Brief -
Leave out every picture, and return exactly the lines from the line containing "Desain dan instalasi" through the end of the records below, both inclusive.

Source data -
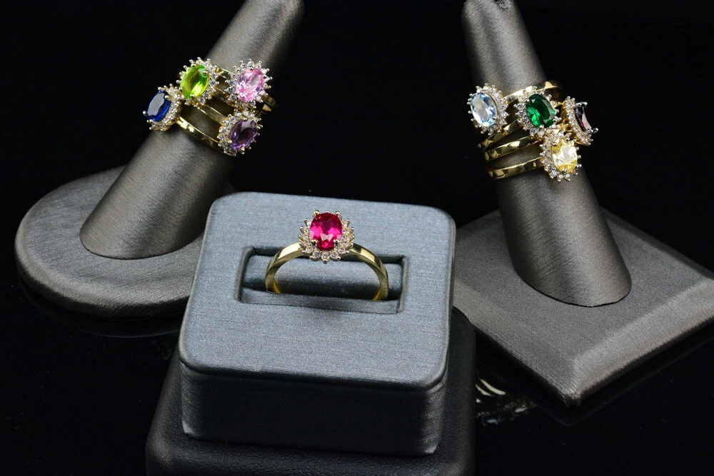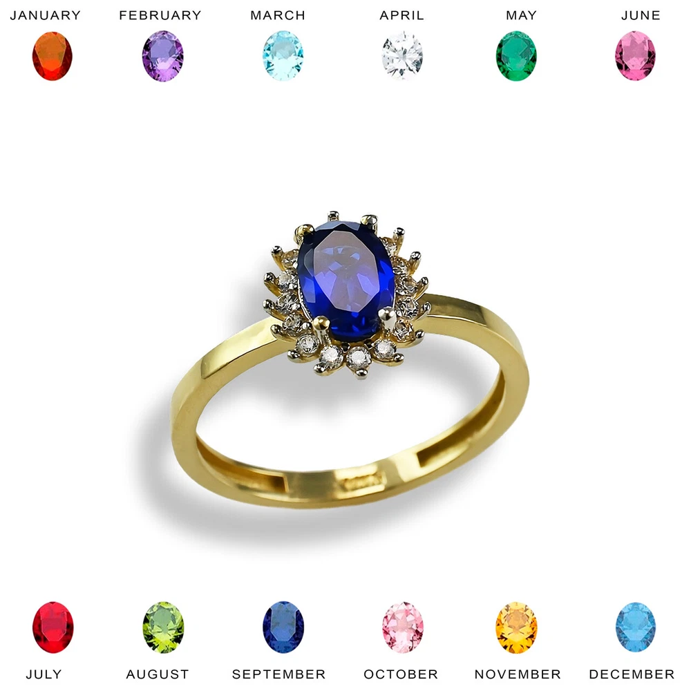 Yellow Gold Birthstone CZ Engagement Promise Ring - Personalized Color Stone Promise Ring. Discover the timeless beauty of the Elegant Yellow Gold Birthstone CZ Engagement Promise Ring. This exquisite piece features a dazzling cubic zirconia gemstone, symbolizing eternal love and commitment. Crafted in premium yellow gold, this ring is perfect for engagements, promises, or special occasions. Available in various birthstones to personalize your love story. Product Overview Metal: 14k Yellow gold. Weight: ≈2g. Top width: 0.37" (9.4 mm). Bottom band width: 0.08" (2.1 mm). Finish: polished. Gender: women's. Stones: Cubic Zirconia (17x). Center stone: 1x oval birthstone; surrounded by 16x small round clear CZs. Center stone available in all 12 month's birthstone colors: Garnet red (January) Amethyst purple (February) Aqua blue (March) Clear Zirconia (April) Emerald green (May) Alexandrite violet (June) Ruby red (July) Peridot green (August) Sapphire blue (September) Pink Zirconia (October) Citrine yellow (November) Topaz blue (December). Payment All Ebay accepted payments. Domestic Shipping Shipping services provided by Fedex and USPS. Order tracking will be updated. International Shipping Import duties taxes and fees are NOT INCLUDED in the item price or shipping charges. Fees charged by customs are the buyer's responsibility. Please check with your country's customs office to determine what these additional costs will be prior to bidding / buying. These charges are normally collected by the delivering freight (shipping) company or when you pick the item up ? Please do not confuse them for additional shipping charges.
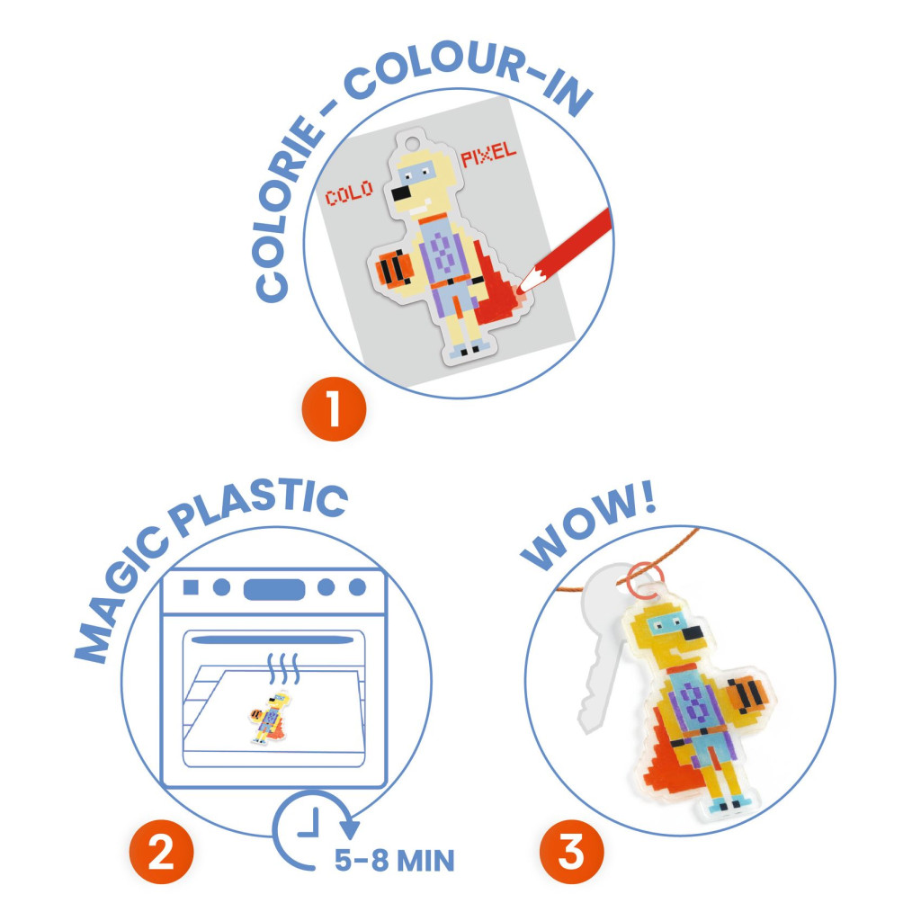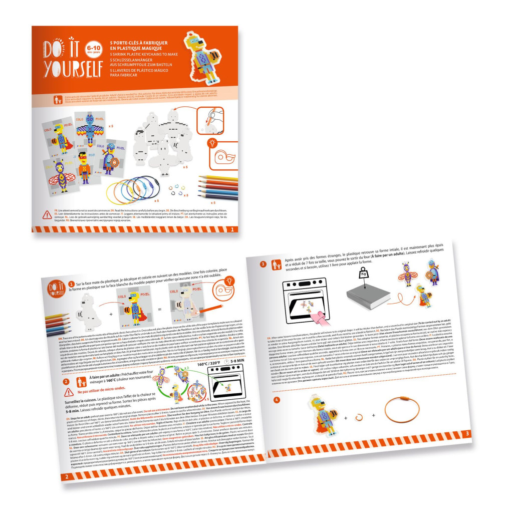 Ezzel a készlettel a gyerekek öt szuperhősös kulcstartót készíthetnek PIXEL-es stílusban! Ehhez a modellt a megfelelő átlátszó műanyag sziluett alá helyezik, és színes ceruzákkal reprodukálják. A sütőben megtörténik a varázslat: a darabok másodpercek alatt összezsugorodnak, a műanyag pedig merevvé és vastagabbá válik. Nincs más hátra, mint a színes karikára akasztani a pixeles hősöket, hogy "kulcsra készek" legyenek. Használható még táskára fityegőnek, cipzárra, medálnak és jó ajándékötlet lehet egy barátnak.
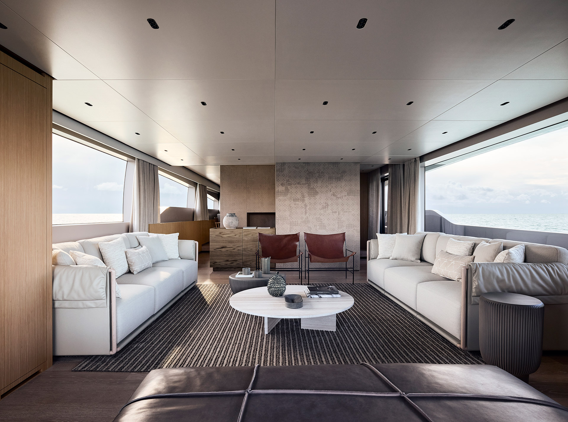 Volumi interni significativamente ampliati creano un dialogo visivo ininterrotto con il paesaggio marino. Le ampie vetrate a tutta altezza inondano gli spazi di luce naturale, offrendo una sensazione di apertura amplificata.
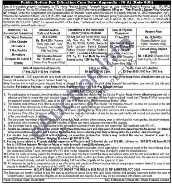 All that part and parcel of the property New Muni No. 35/698, Old Muni No 30/698, 30/861, Soobe Ki Goth, Lashakr, Behind Kailash Talkies, Gwalior, Madhya Pradesh 474001. (Land Area Admeasuring 924 Sq. Ft. And Built Up Area Admeasuring 1266 Sq. Ft.)
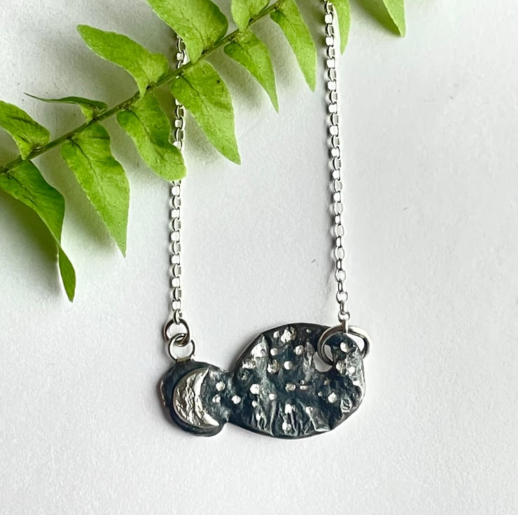 Perfect for the star gazer in your life this little necklace has been handcrafted from recycled sterling silver. Its irregular textured shaped features a little crescent moon on one side and lots of little silver dots to represent the stars. The background is oxidised to a dark grey for contrast. This is hung from a sterling silver chain which is approx. 18 inches over all.
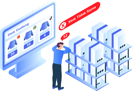 Banyak pesanan masuk dari Shopee, Tokopedia, dan TikTok Shop di waktu yang sama, tapi stok gudang terbatas dan tidak bisa memenuhi semuanya.
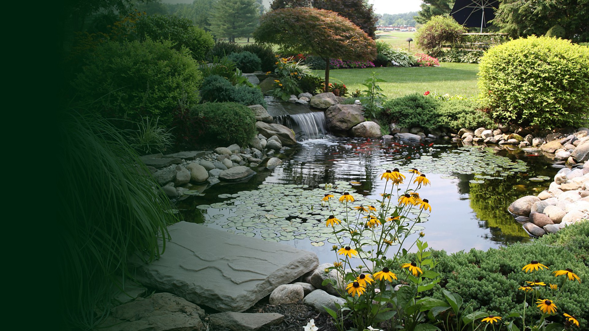 Desain dan instalasi air terjun serta aliran sungai buatan yang menghadirkan suara gemericik air menenangkan dan visual yang memukau.
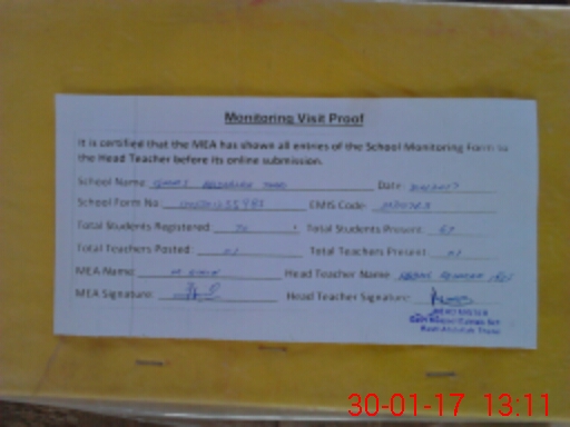| Attendance Register | Head Teacher | MEA with School | Visit Proof |
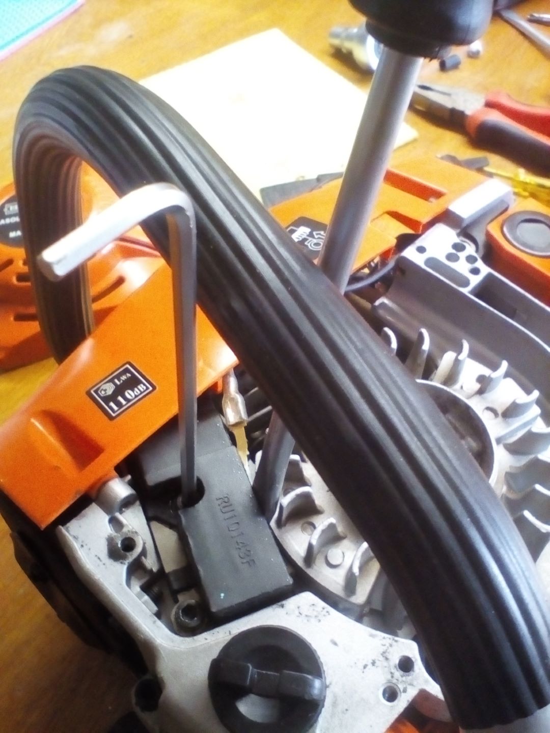 Wenn die Kettensäge Zündaussetzer hat oder garnicht startet, obwohl die Zündkerze in Ordnung ist, dann ist entweder der Starthebel mechanisch kaputt (das sieht man) oder das Zündmodul mit der darin verbauten Zündspule.
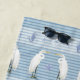 Hand painted in watercolor artwork of a Great White Egret, Seahorse, Sea Turtle, Starfish and seashells are placed over a peaceful, crisp nautical blue and white striped background. Your B & B or family's name and message is easily personalized (or simply erase the text in the template form if you do not need it). Art and graphic design by internationally licensed artist and designer, Audrey Jeanne Roberts ©
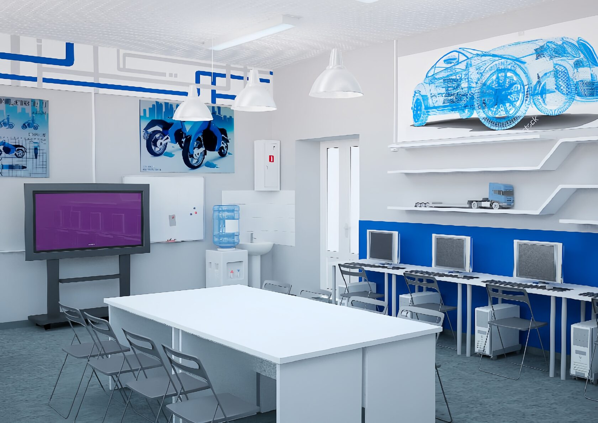 - Стенды и тренажёры — основа практического обучения. Они позволяют студентам моделировать реальные производственные процессы, отрабатывать алгоритмы работы, проводить эксперименты. Специализированные стенды для изучения 3D-моделирования и промышленного дизайна дают возможность понять технологический цикл от идеи до готового изделия.

Exercise output -
 Desain dan instalasi air terjun serta aliran sungai buatan yang menghadirkan suara gemericik air menenangkan dan visual yang memukau.
| Attendance Register | Head Teacher | MEA with School | Visit Proof |
 Wenn die Kettensäge Zündaussetzer hat oder garnicht startet, obwohl die Zündkerze in Ordnung ist, dann ist entweder der Starthebel mechanisch kaputt (das sieht man) oder das Zündmodul mit der darin verbauten Zündspule.
 Hand painted in watercolor artwork of a Great White Egret, Seahorse, Sea Turtle, Starfish and seashells are placed over a peaceful, crisp nautical blue and white striped background. Your B & B or family's name and message is easily personalized (or simply erase the text in the template form if you do not need it). Art and graphic design by internationally licensed artist and designer, Audrey Jeanne Roberts ©
 - Стенды и тренажёры — основа практического обучения. Они позволяют студентам моделировать реальные производственные процессы, отрабатывать алгоритмы работы, проводить эксперименты. Специализированные стенды для изучения 3D-моделирования и промышленного дизайна дают возможность понять технологический цикл от идеи до готового изделия.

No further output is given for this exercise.